Extracted data entries
———

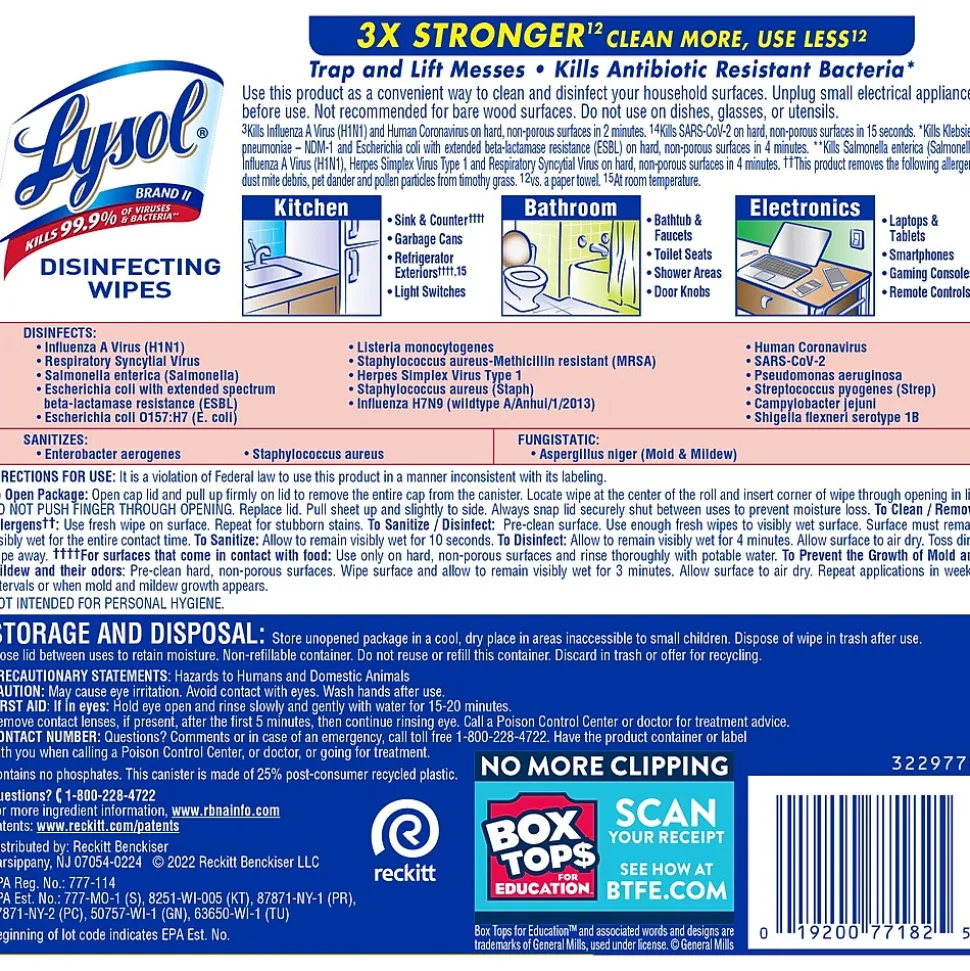 - Kills 99.9% of viruses and bacteria, including cold and flu viruses, Salmonella, E. Coli, MRSA, RSV, Staph, and Strep, when used as directed on hard, non-porous surfaces.
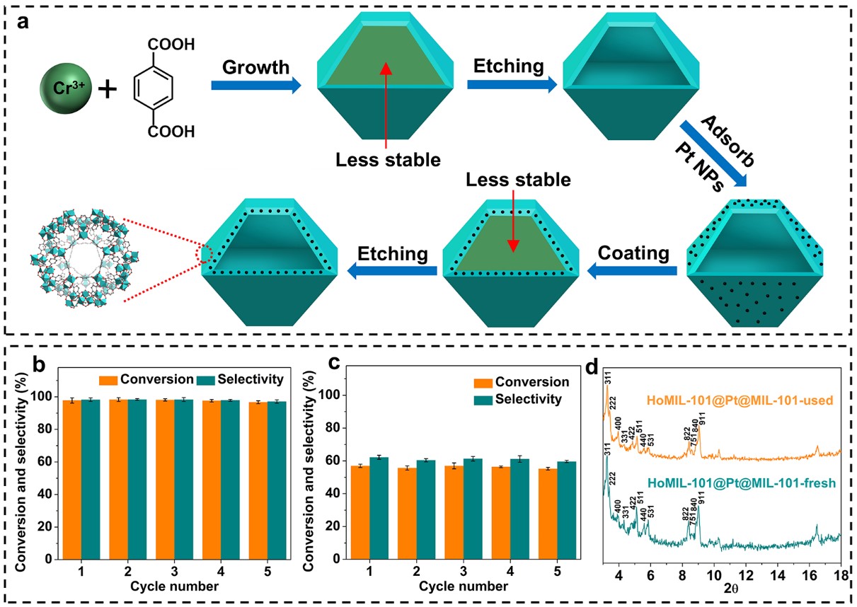 针对上述问题,XCSport王英龙/郑奉斌团队开发了一种“晶体生长和后蚀刻”的合成方法,构筑出了以Pt纳米粒子为夹层、以中空HoMIL-101为内核层和以MIL-101为外壳层的空心三明治结构催化剂,即HoMIL-101@Pt@MIL-101。该催化剂在140oC和0.1 MPa的氢气压力下实现了香草醛的完全转化以及对2-甲氧基-4-甲基苯酚100%的选择性,并具有良好的稳定性。在相同转化率下,其活性约为实心结构MIL-101@Pt@MIL-101的9倍,且综合性能优于商用的Pt/C催化剂以及目前报道的非均相催化剂。
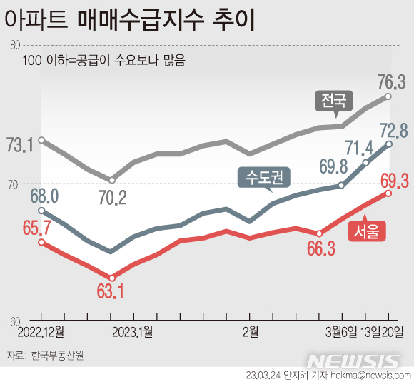 [서울=뉴시스] 24일 한국부동산원에 따르면 3월 셋째 주 수도권 아파트 매매수급지수는 72.8로 지난해 11월 첫째 주(73.0) 이후 약 4개월 만에 가장 높은 수치를 기록했다. 다만 매매수급지수는 기준선 100에 한참 못 미치는 수준으로 여전히 매수세가 약한 모습이다. (그래픽=안지혜 기자)
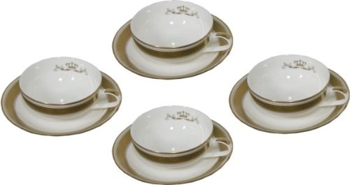 Tee-Tassen. Japanisches Porzellan aus der Manufactur Shibata. Edel gestaltetes Porzellan mit einem breiten und drei schmäleren Goldrändern sowie einem Kronensymbol versehen.
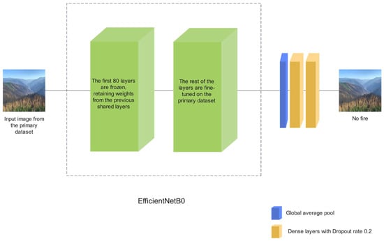 EfficientNetB0 is renowned for its balance of computational efficiency and accuracy [32], a crucial trait for real-world deployment in forest fire scenarios. Furthermore, unlike many state-of-the-art architectures that feature complex interconnections between different blocks, EfficientNetB0’s architecture is uniquely streamlined. This simplicity is vital for the study, where the model is divided into shared layers and task-specific layers. The absence of intricate block interconnections in EfficientNetB0 reduces the complexity of managing these layers, thereby enhancing the practicality and scalability of the system [26].
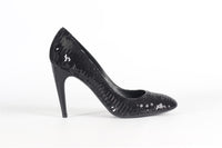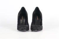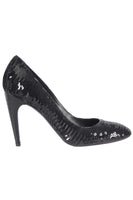 Louis Vuitton Sequin And Leather Pumps. Black. Slips on. Does not come with - dustbag or box. EU 38 (UK 5, US 8). Insole: 9.6 in. Heel Height: 3.3 in.
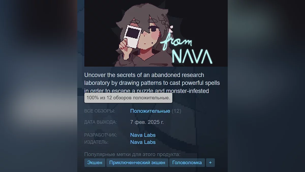 From Nava — A top-down 2D action-puzzle game about a boy who must escape a deserted research laboratory. It has a 100% rating. Steam Page.
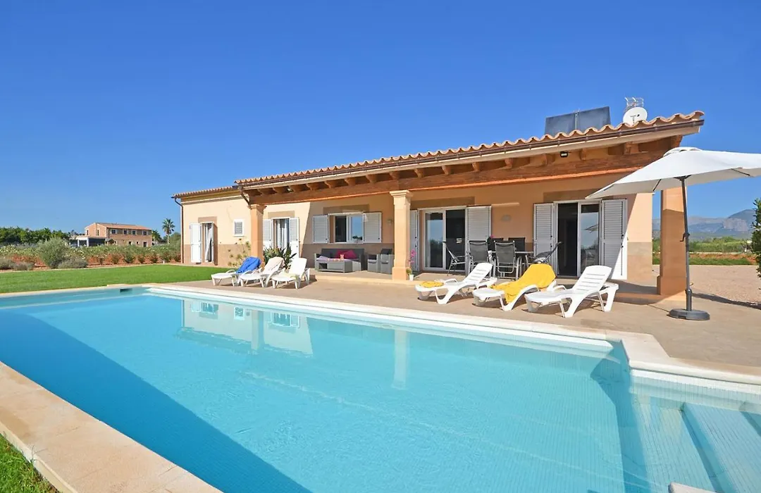 Die 4-Zimmer- Villa Sion Binissalem verfügt über eine Terrasse mit einem Swimmingpool.
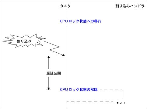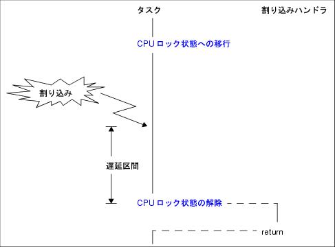 なお,RI850V4では,本サービス・コールの発行からunl_cpu,またはiunl_cpuが発行されるまでの間にEIレベル・マスカブル割り込みが発生した場合には,該当割り込み処理(割り込みハンドラ)への移行をunl_cpu,またはiunl_cpuが発行されるまで遅延しています。
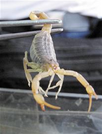 動(dòng)植物專家介紹,被蝎子蜇傷后會(huì)產(chǎn)生大片紅腫、劇痛,輕者幾天后癥狀消失,嚴(yán)重者可因呼吸、循環(huán)衰竭而死亡。醫(yī)生提醒廣大市民,一旦被蝎子蜇傷千萬(wàn)莫著急,可先用繩子將受傷部位附近扎起,再用小刀片割出一個(gè)半厘米的十字口放出被蜇部位的血液,隨后用蘇打、肥皂等堿性溶液沖洗傷處,并及時(shí)前往醫(yī)院就醫(yī)。
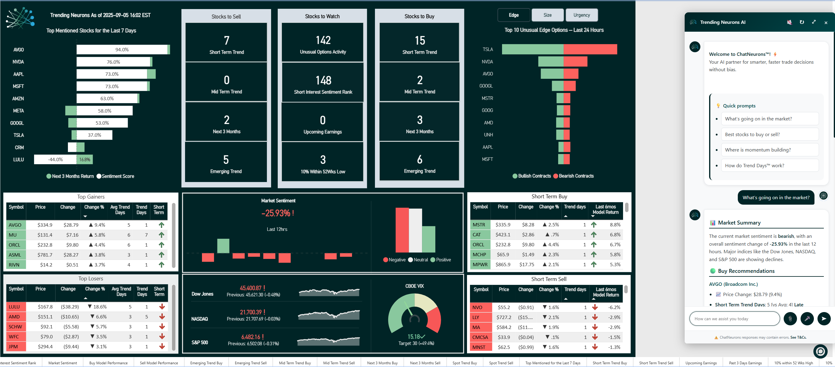 Trending Neurons aggregates a comprehensive suite of market intelligence — from fundamental and technical analysis to options data and sentiment tracking — into a single, patent-pending, user-friendly interface.Built on advanced machine learning and AI algorithms, our system delivers up to 93.7% accuracy across 36 global stock exchanges, predicting market direction and potential returns for the short term, mid term, and the next three months.A built-in generative AI chat assistant sits on top of the design, helping you interpret, navigate, and act — empowering you to make well-informed trading and investment decisions.
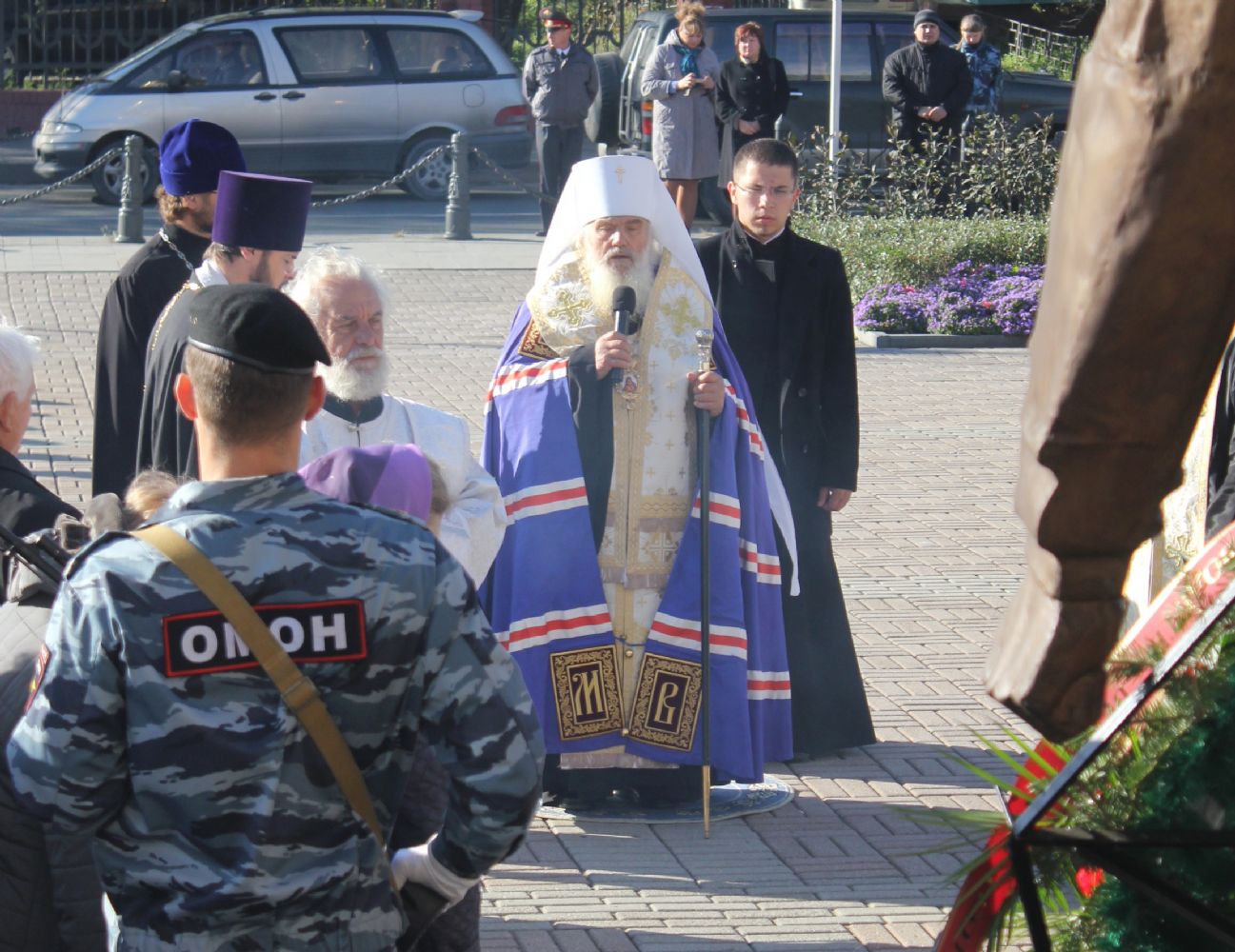 Митрополит Владивостокский и Приморский Вениамин совершил у храма святого благоверного князя Игоря Черниговского заупокойную литию. Также Его Высокопреосвященство принял участие в церемонии возложения цветов и венков к мемориалу памяти.

———

Reproduce, word for word, only the lines in the records above from the line with "From Nava —" through the line with "なお,RI850V4では,本", including both ends; omit the pictures.

_Exercise answer_
 From Nava — A top-down 2D action-puzzle game about a boy who must escape a deserted research laboratory. It has a 100% rating. Steam Page.
 Die 4-Zimmer- Villa Sion Binissalem verfügt über eine Terrasse mit einem Swimmingpool.
 なお,RI850V4では,本サービス・コールの発行からunl_cpu,またはiunl_cpuが発行されるまでの間にEIレベル・マスカブル割り込みが発生した場合には,該当割り込み処理(割り込みハンドラ)への移行をunl_cpu,またはiunl_cpuが発行されるまで遅延しています。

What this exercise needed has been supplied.